■ Data provided
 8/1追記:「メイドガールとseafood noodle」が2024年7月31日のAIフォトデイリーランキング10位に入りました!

--

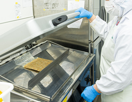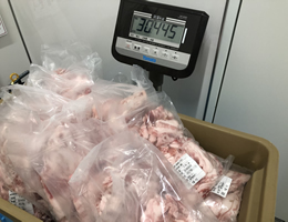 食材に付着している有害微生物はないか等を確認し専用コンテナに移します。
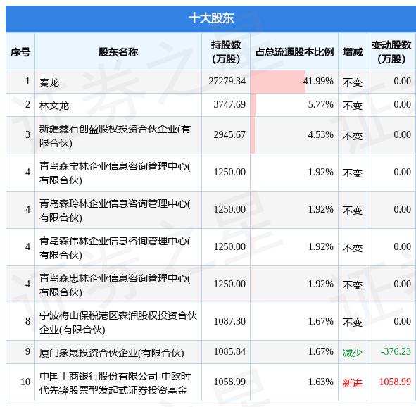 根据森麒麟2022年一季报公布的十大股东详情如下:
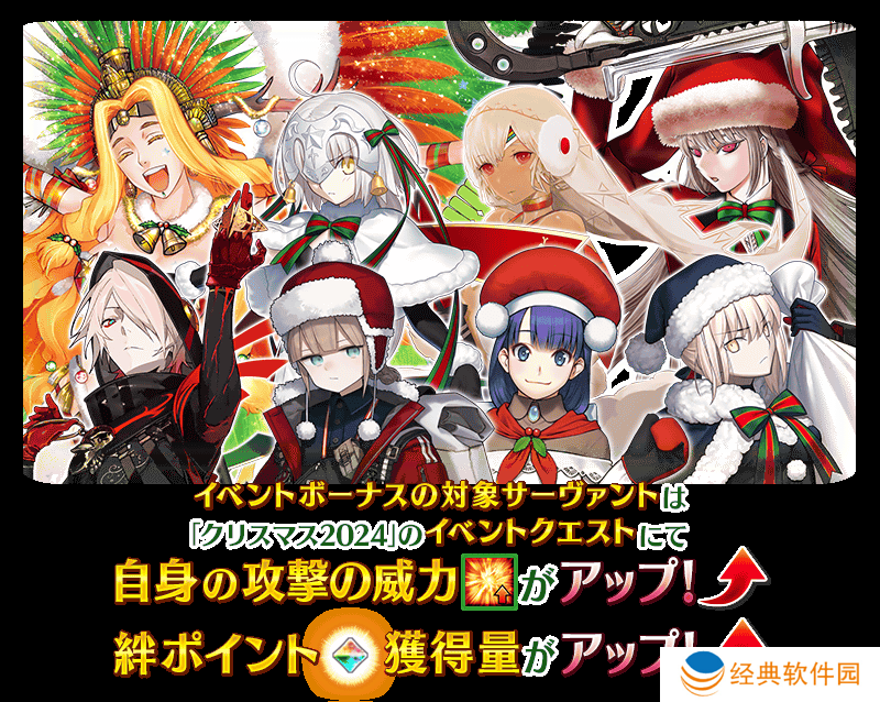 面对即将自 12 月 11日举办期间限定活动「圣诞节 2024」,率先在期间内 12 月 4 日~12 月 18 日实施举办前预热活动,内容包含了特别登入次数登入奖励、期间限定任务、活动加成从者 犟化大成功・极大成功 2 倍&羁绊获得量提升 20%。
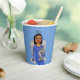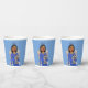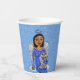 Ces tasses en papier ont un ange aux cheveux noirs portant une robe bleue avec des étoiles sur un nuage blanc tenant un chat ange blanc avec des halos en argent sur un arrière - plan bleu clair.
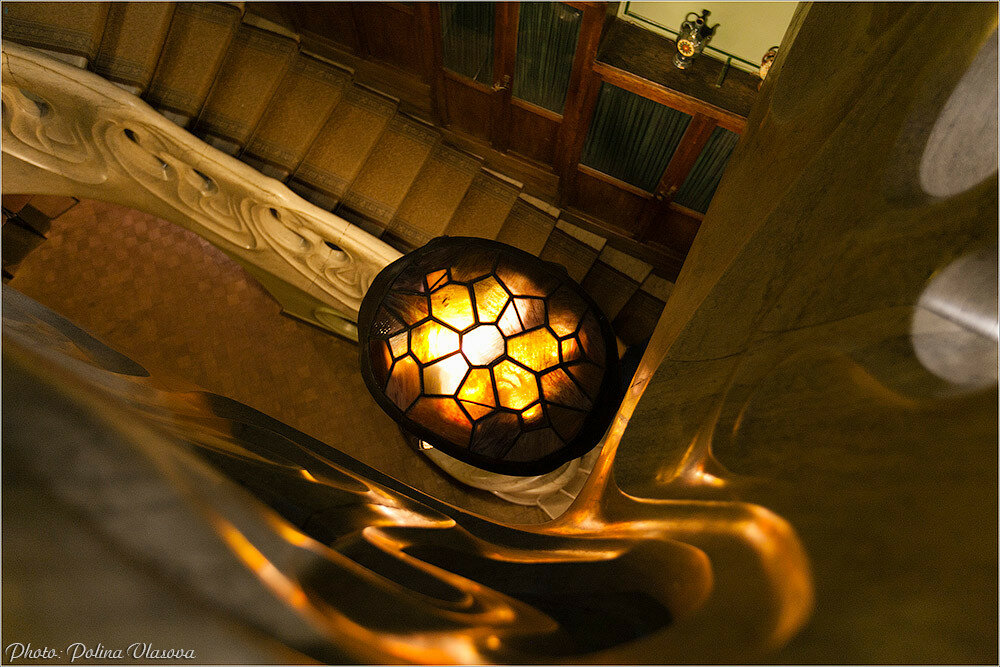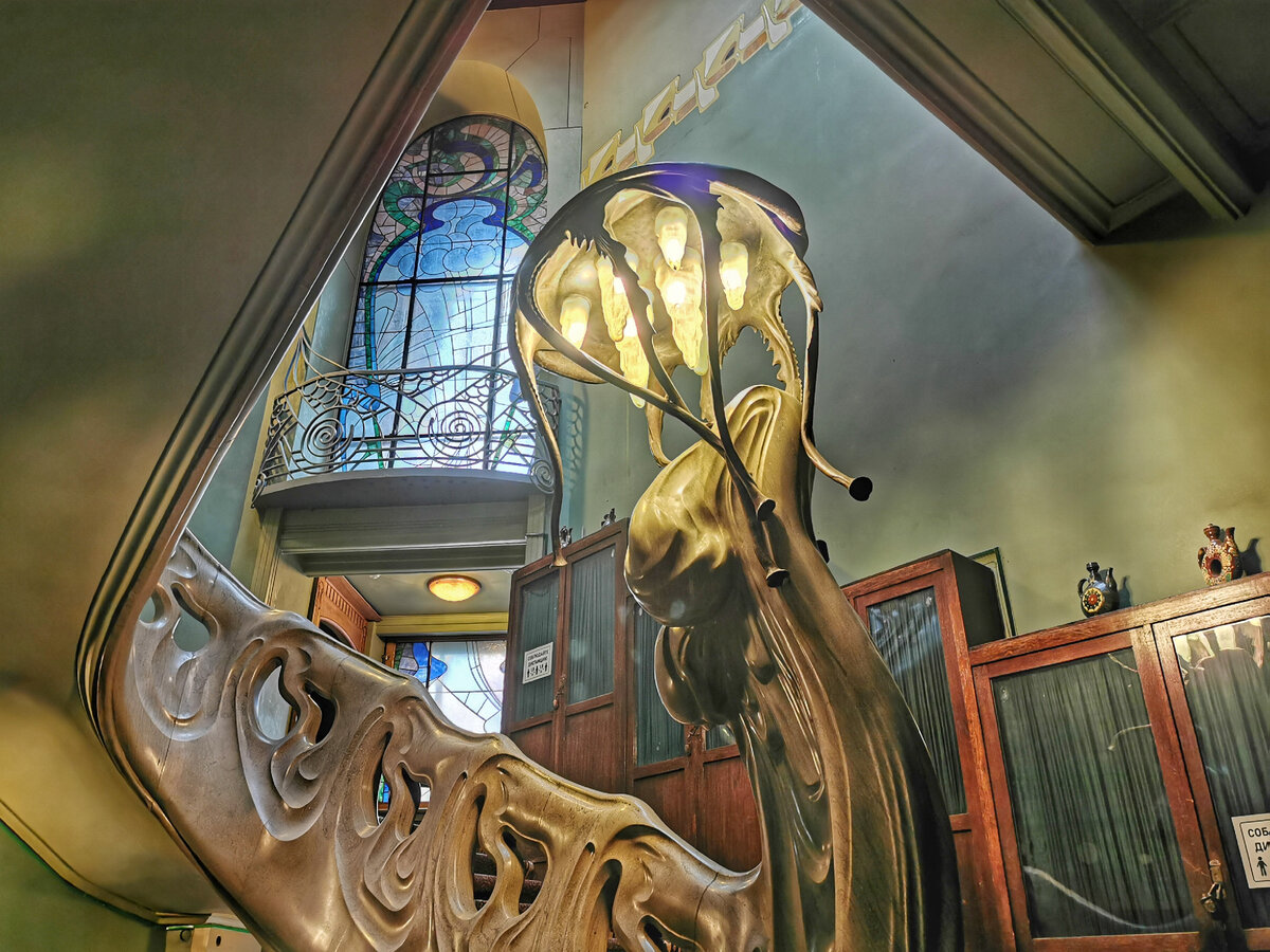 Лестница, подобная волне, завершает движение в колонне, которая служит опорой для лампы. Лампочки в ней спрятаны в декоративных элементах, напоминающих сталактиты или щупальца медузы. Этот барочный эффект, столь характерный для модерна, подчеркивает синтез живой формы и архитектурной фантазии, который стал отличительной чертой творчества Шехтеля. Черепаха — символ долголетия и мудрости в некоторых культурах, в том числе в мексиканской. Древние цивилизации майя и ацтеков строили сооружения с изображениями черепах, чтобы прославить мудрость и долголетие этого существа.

--

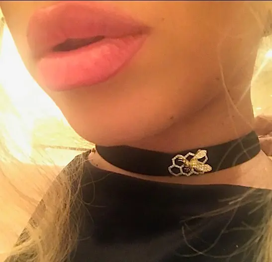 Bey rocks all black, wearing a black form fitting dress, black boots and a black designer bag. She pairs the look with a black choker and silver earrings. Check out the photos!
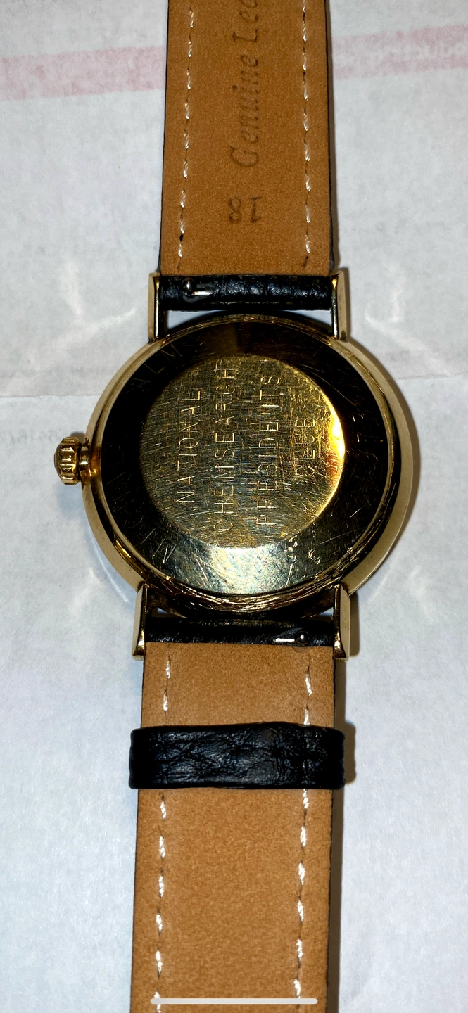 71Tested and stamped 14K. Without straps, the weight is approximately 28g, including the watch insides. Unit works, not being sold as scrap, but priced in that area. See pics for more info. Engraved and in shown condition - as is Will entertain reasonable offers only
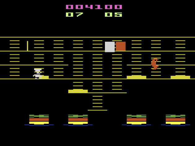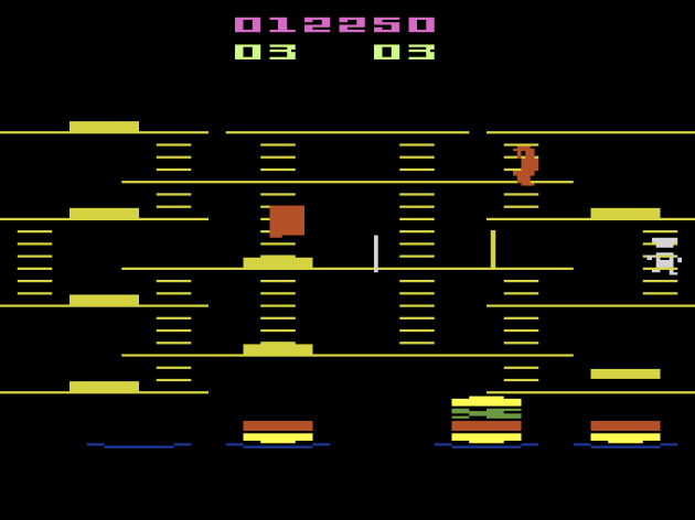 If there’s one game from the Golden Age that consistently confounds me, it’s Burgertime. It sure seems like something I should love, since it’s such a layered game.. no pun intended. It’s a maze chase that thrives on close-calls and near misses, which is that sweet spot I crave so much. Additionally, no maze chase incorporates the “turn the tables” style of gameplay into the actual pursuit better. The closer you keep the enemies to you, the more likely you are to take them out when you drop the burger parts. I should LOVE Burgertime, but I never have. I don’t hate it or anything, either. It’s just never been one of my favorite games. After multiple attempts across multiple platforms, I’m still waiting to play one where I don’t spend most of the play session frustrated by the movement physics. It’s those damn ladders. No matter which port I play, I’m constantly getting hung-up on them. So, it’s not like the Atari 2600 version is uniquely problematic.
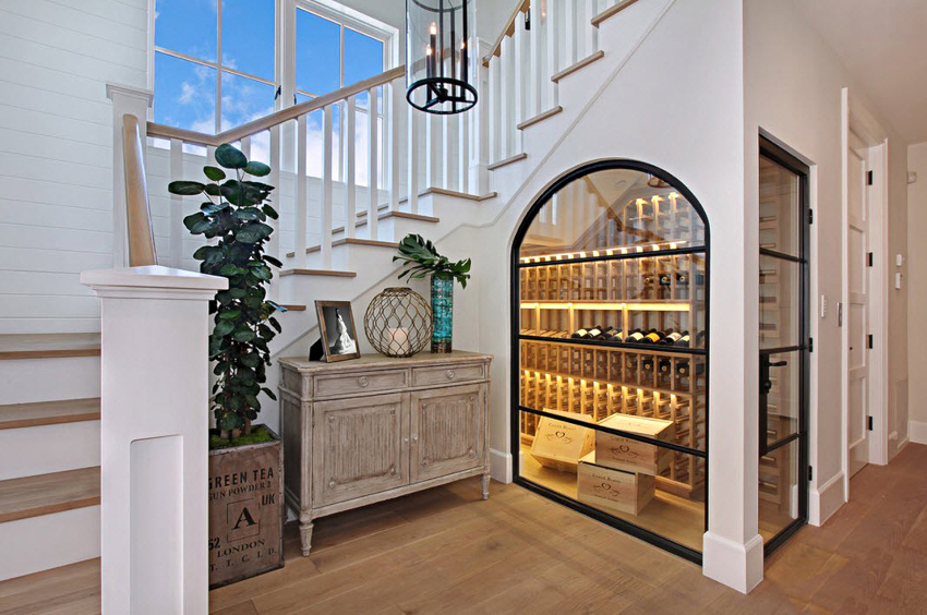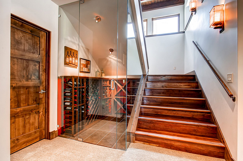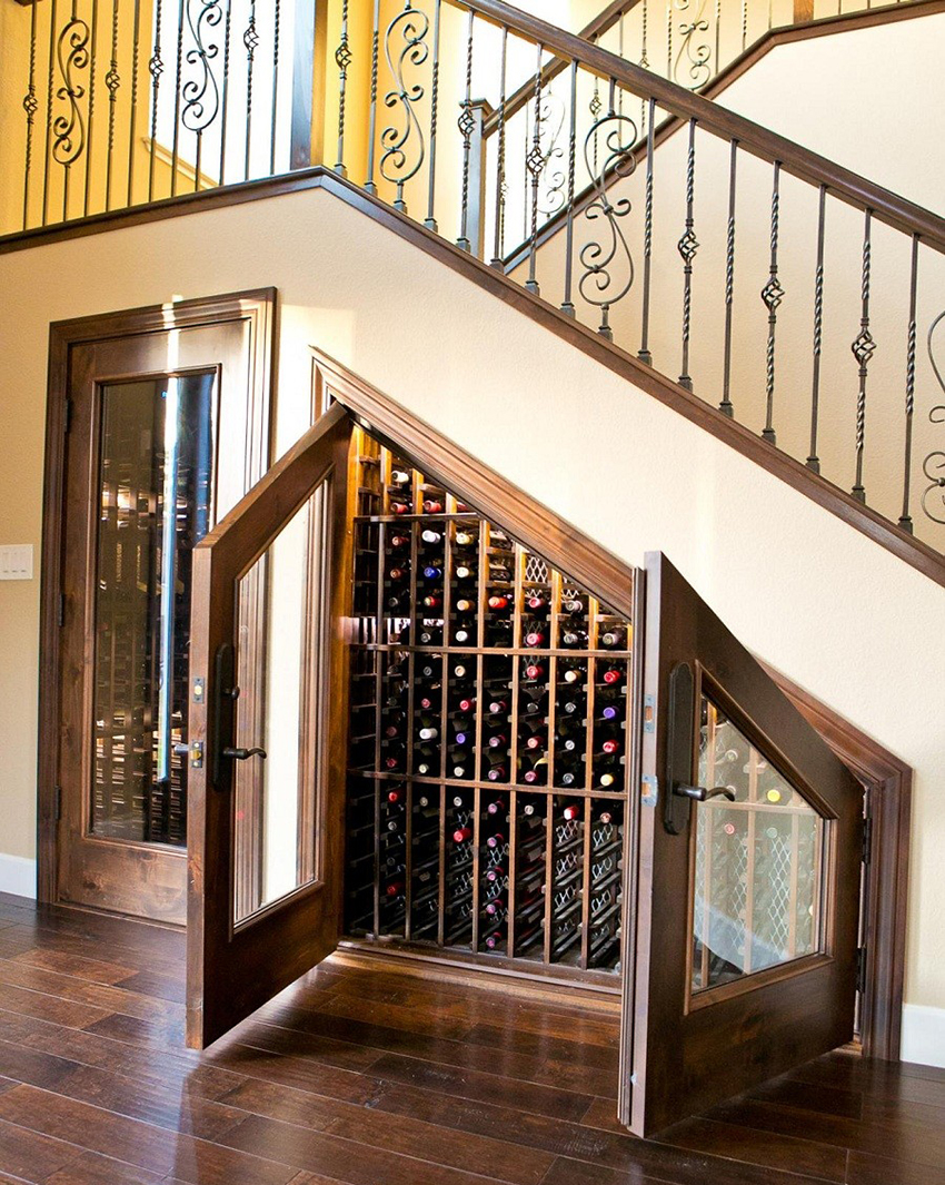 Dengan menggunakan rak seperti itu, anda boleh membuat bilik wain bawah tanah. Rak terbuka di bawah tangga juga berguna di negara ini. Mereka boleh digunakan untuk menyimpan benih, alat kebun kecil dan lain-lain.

■ Task prompt
Look above for the line containing "Ces tasses en", then copy exactly from it through the line containing "Лестница, подобная волне, завершает", keeping both and leaving out pictures. Add nothing else.

■ Exercise solution
 Ces tasses en papier ont un ange aux cheveux noirs portant une robe bleue avec des étoiles sur un nuage blanc tenant un chat ange blanc avec des halos en argent sur un arrière - plan bleu clair.
 Лестница, подобная волне, завершает движение в колонне, которая служит опорой для лампы. Лампочки в ней спрятаны в декоративных элементах, напоминающих сталактиты или щупальца медузы. Этот барочный эффект, столь характерный для модерна, подчеркивает синтез живой формы и архитектурной фантазии, который стал отличительной чертой творчества Шехтеля. Черепаха — символ долголетия и мудрости в некоторых культурах, в том числе в мексиканской. Древние цивилизации майя и ацтеков строили сооружения с изображениями черепах, чтобы прославить мудрость и долголетие этого существа.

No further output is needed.